■ How to complete this task
Please filter the data down to the lines that include the word "completed" and copy them.

━━━ Material for the task ━━━

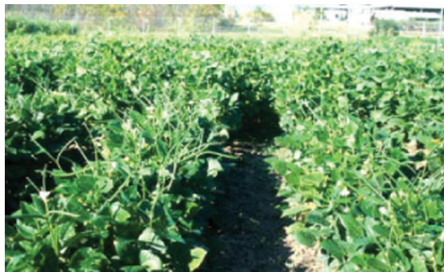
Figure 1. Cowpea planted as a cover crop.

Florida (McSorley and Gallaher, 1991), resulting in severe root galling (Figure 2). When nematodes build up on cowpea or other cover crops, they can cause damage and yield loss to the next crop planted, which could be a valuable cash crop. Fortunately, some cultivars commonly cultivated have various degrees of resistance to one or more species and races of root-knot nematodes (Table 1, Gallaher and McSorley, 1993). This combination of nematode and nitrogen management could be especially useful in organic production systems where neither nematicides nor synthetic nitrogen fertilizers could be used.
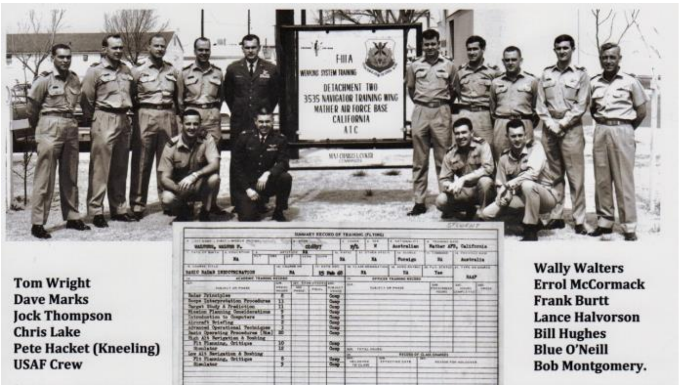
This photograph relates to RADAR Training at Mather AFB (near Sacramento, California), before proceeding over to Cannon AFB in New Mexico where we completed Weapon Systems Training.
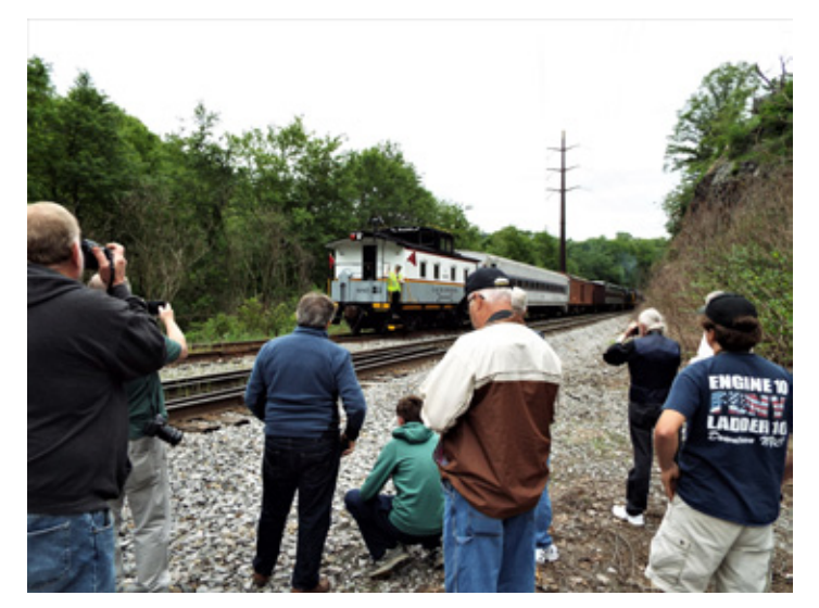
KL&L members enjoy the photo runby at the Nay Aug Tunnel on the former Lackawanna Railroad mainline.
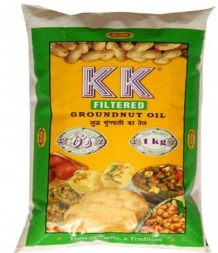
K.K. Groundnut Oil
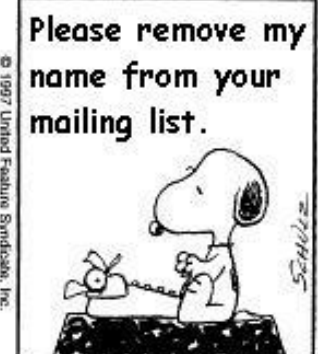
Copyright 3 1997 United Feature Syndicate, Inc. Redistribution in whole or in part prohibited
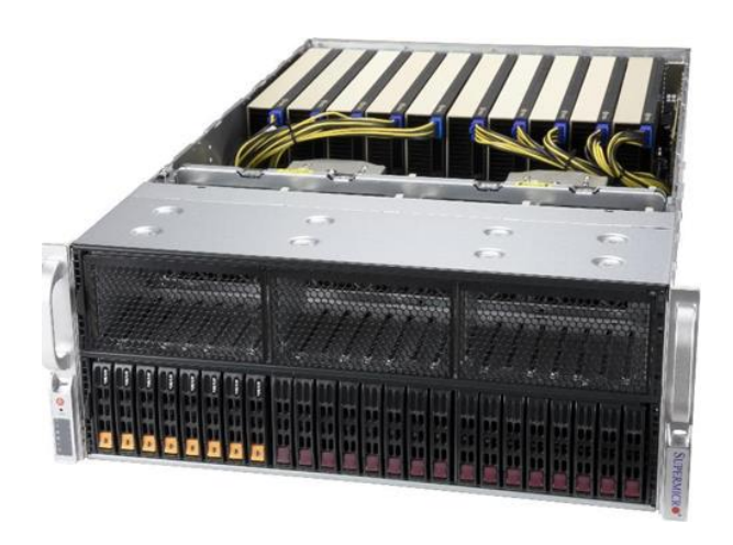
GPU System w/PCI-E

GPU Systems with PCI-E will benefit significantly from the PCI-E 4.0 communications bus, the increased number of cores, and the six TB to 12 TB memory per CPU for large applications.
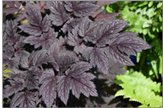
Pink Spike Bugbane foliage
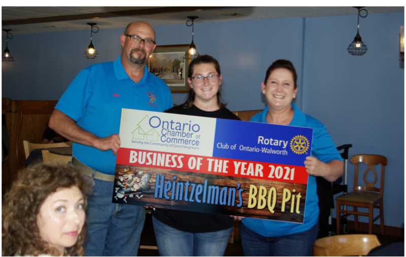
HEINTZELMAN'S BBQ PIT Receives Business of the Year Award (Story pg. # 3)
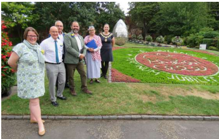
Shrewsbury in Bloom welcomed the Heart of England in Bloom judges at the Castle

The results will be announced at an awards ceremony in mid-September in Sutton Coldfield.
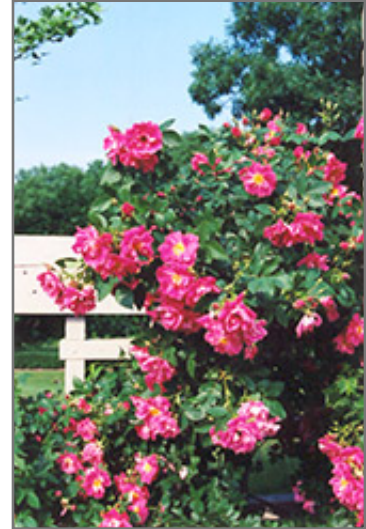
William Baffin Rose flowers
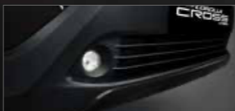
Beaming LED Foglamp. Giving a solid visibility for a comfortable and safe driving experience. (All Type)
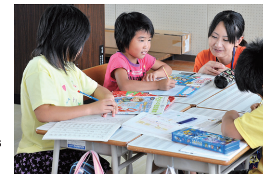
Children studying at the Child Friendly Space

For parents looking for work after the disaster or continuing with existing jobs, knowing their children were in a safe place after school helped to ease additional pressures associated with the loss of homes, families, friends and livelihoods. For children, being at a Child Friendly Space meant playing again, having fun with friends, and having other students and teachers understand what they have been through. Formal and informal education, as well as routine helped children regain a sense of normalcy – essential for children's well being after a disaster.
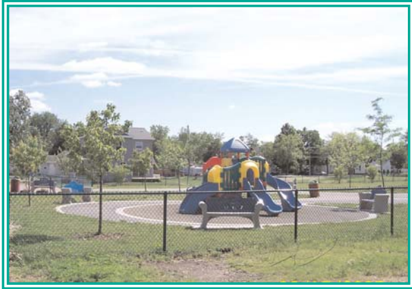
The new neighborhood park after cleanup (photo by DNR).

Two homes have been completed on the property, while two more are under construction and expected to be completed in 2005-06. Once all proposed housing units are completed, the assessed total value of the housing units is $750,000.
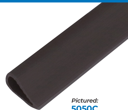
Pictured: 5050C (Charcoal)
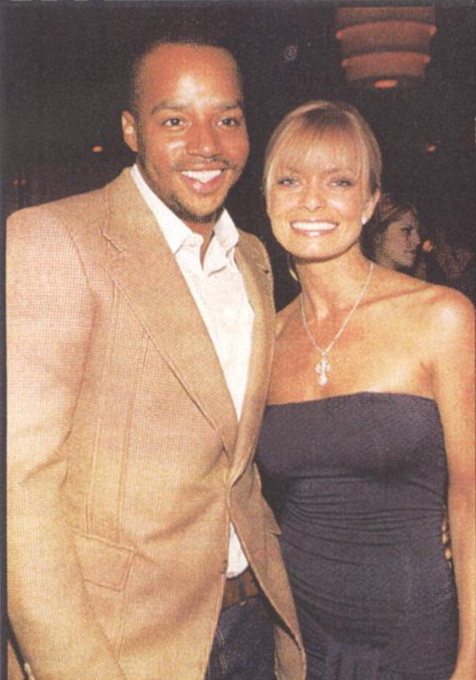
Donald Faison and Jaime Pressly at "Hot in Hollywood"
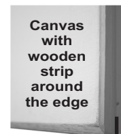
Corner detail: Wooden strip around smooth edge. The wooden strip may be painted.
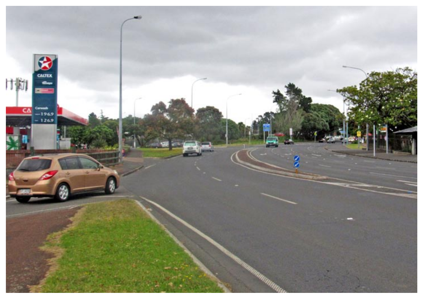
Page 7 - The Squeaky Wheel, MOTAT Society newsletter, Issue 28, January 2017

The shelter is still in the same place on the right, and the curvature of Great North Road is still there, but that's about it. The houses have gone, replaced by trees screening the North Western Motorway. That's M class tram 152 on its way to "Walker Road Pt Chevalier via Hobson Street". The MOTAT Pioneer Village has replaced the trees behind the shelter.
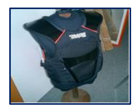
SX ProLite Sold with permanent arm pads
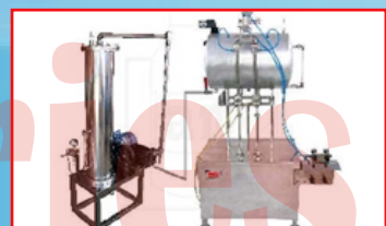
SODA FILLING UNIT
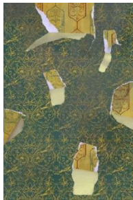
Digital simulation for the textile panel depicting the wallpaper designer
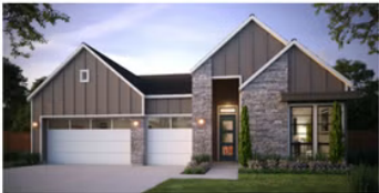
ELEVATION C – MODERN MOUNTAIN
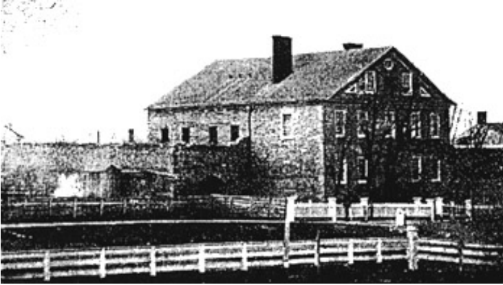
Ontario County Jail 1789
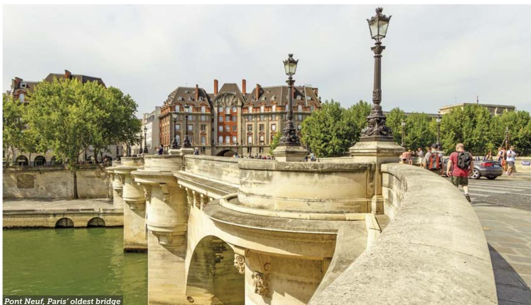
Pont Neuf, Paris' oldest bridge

━━━

■ Expected answer
This photograph relates to RADAR Training at Mather AFB (near Sacramento, California), before proceeding over to Cannon AFB in New Mexico where we completed Weapon Systems Training.
Two homes have been completed on the property, while two more are under construction and expected to be completed in 2005-06. Once all proposed housing units are completed, the assessed total value of the housing units is $750,000.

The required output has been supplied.